TAKE A THIEF

『盗人の報復』マーセデス・ラッキー中央公論社ら1-4〉
ヴァルデマールシリーズ最新作。

貧民街に生まれ、頼るべき伯父一家にさえも虐げられ過酷な日々を送る少年スキッフ。ひょんなことから地下に住むベイジー率いる盗賊団に入り、初めて心の拠り所を得るのだった。だが幸福は長く続かず、大事な仲間は陰謀に巻き込まれ殺されてしまう。絶望の底で復讐を誓うスキップの前に〈共に歩むもの〉が現れて――。学院史上初となる、逞しくしたたかな盗賊《使者》ここに誕生!
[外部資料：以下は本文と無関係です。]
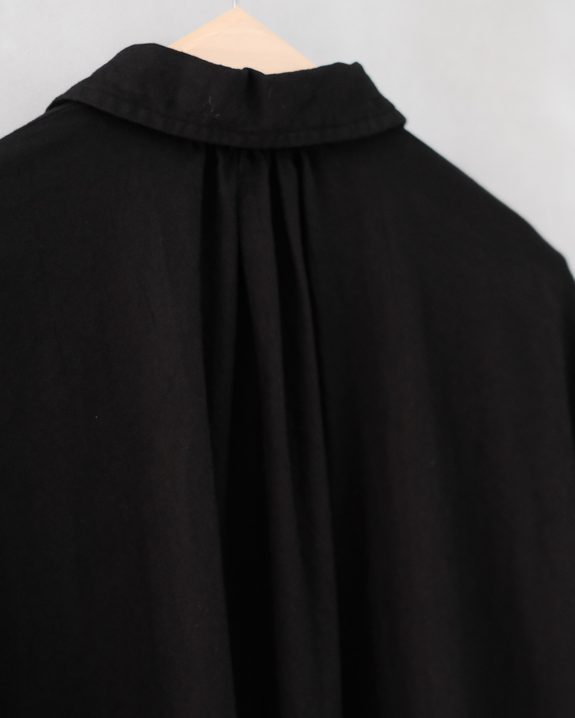 ゆったりとした身幅な上に柔らかい生地の落ち感が綺麗なので、体のラインが出ずにすっきりとした印象でご着用いただけます。

毎度言ってるけど、ラッキーは個人に焦点を当てた方が上手い。
今回はそれが、スキッフの幼年期の幸福と悲劇、そして使者に迎えられる様子に思う存分発揮されている。
同時に、これまで印象的な脇役だったアルベリッヒのキャラクターが紹介され、そして彼との交流が今までのシリーズでは見られなかった種類の絆で、ひじょうに魅力的な人物として描かれている。
また、これまで宮廷や学院、森を舞台にしたことが多かったけど、今回は貧民街の生活が生き生きと描写され、異世界ファンタジーとしては、(比較的)常人の目線でそこを見られるのは意外に珍しいかも。